Der Schulmeister war über die March verschleppt worden und konnte nach einigen Tagen mit einigen Zistersdorfer Frauen und einem Knaben zurückkehren. Er berichtete, dass die Kuruzzen der Raubzug 400 Tote und Verwundete gekostet hatte – einer hoher Preis, der zeigt, dass sich die Zistersdorfer tapfer, aber letztlich erfolglos gewehrt hatten.
Mehr als die Hälfte der Bürger waren tot. Ein schrecklicher Schlag für die zerstörte, geplünderte und niedergebrannte Stadt, der nun auch noch der Winter bevorstand. Zistersdorf hat sich von dieser Tragödie lange nicht erholt. 1713 wütete wieder die Pest, 1805 und 1809 kamen die Franzosen und 1866 die Preußen, die auch noch die Cholera einschleppten. 1945 war Zistersdorf, wegen der Erdölfelder, besonders umkämpft.
Die Zerstörung der friedlichen Landstadt und das Massaker unter der Bevölkerung hatte Folgen. Nicht nur in Österreich war die Empörung groß. Auch die evangelischen Reichsterritorien (Sachsen, Preußen, Württemberg usw.) und Staaten (Niederlande, Dänemark, Schweden usw.), die bis dahin mit den aufständischen ungarischen Rebellen sympathisiert hatten und ihnen ebenso wie Frankreich über Polen Waffen und Geld zu kommen haben lassen, reagierten mit Abscheu.
Krieg, ja der war akzeptiert, auch Plünderungen und Brandschatzungen der Besitzungen des Gegners. Aber derartige Massaker an gefangenen Zivilisten waren verpönt. Das zwang dann auch Rakoszy zu handeln. Er ließ Forgatsch festnehmen und vier Jahre lang gefangensetzen, vorgeblich weil er seinen Befehl Preßburg zu erobern missachtet hatte.
Danach, die Kuruzzenkriege gingen zu Ende, floh Forgatsch nach Polen, dann ins Osmanische Reich, dann wieder nach Polen, wo er 1729 starb.
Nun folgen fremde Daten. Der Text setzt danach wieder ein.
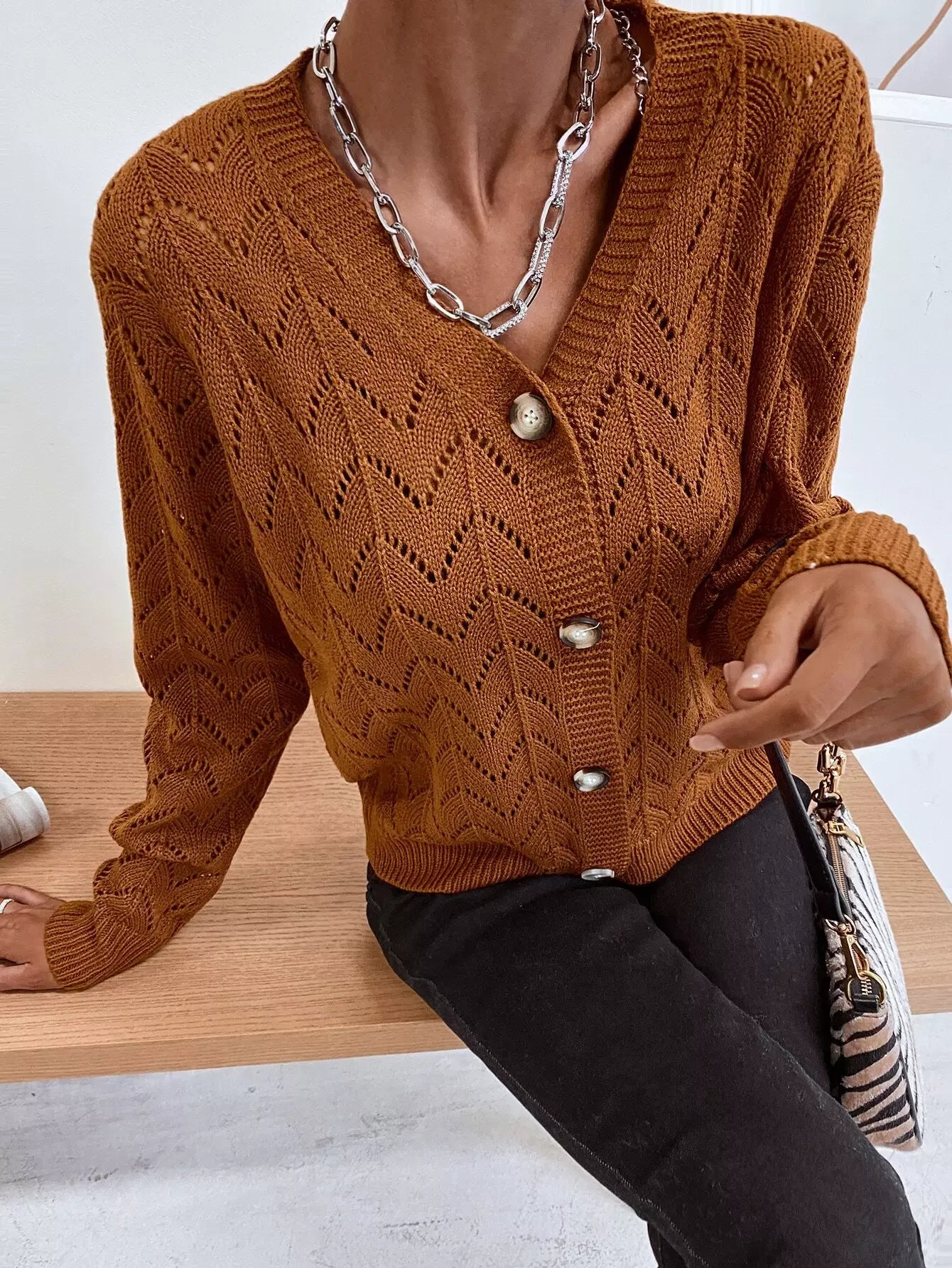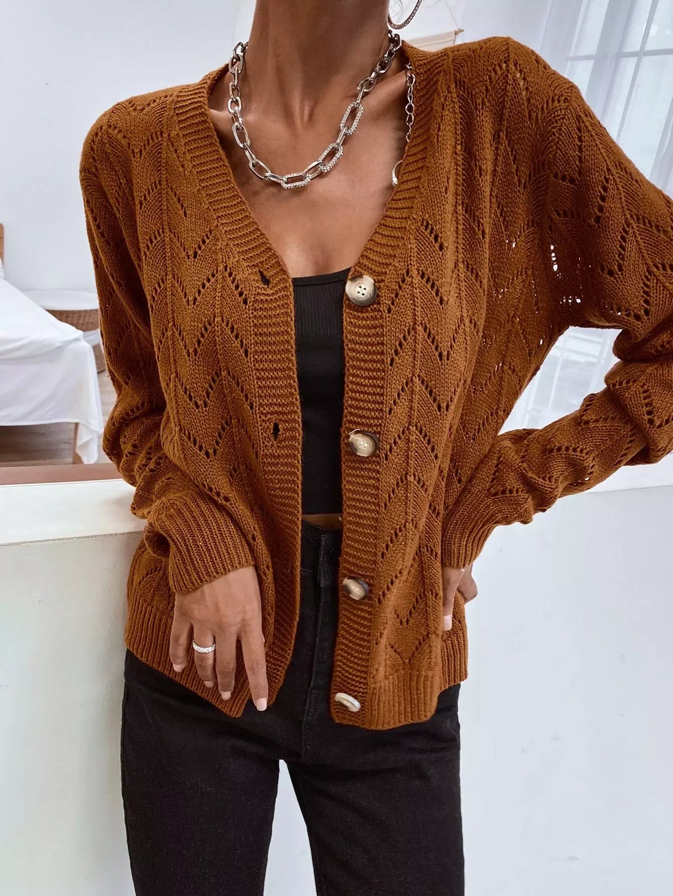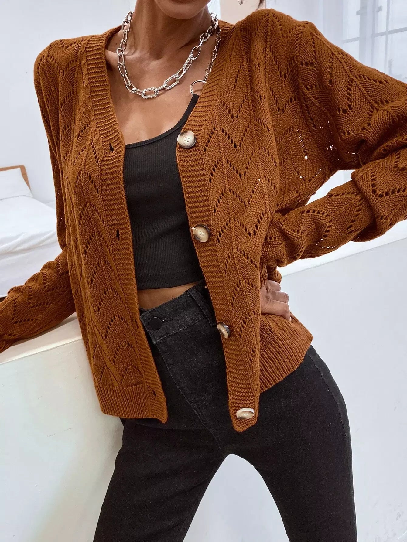 Drop Shoulder Pointelle Knit Cardigan

Oczkay wurde 1710 von einem Kommando der Kuruzzen hingerichtet, als er versuchte die Seiten zu wechseln. Die Kuruzzenaufstände gingen zu Ende und eine 100-jährige Friedensperiode für das Weinviertel brach an. Die Tragödie des Jahres 1706 ist heute in Österreich vergessen, nur in Zistersdorf selbst feiert man alle 50 Jahre ein „Kuruzzenfest“ zur Erinnerung an den schlimmsten Tag, den die Stadt jemals erlebt hat.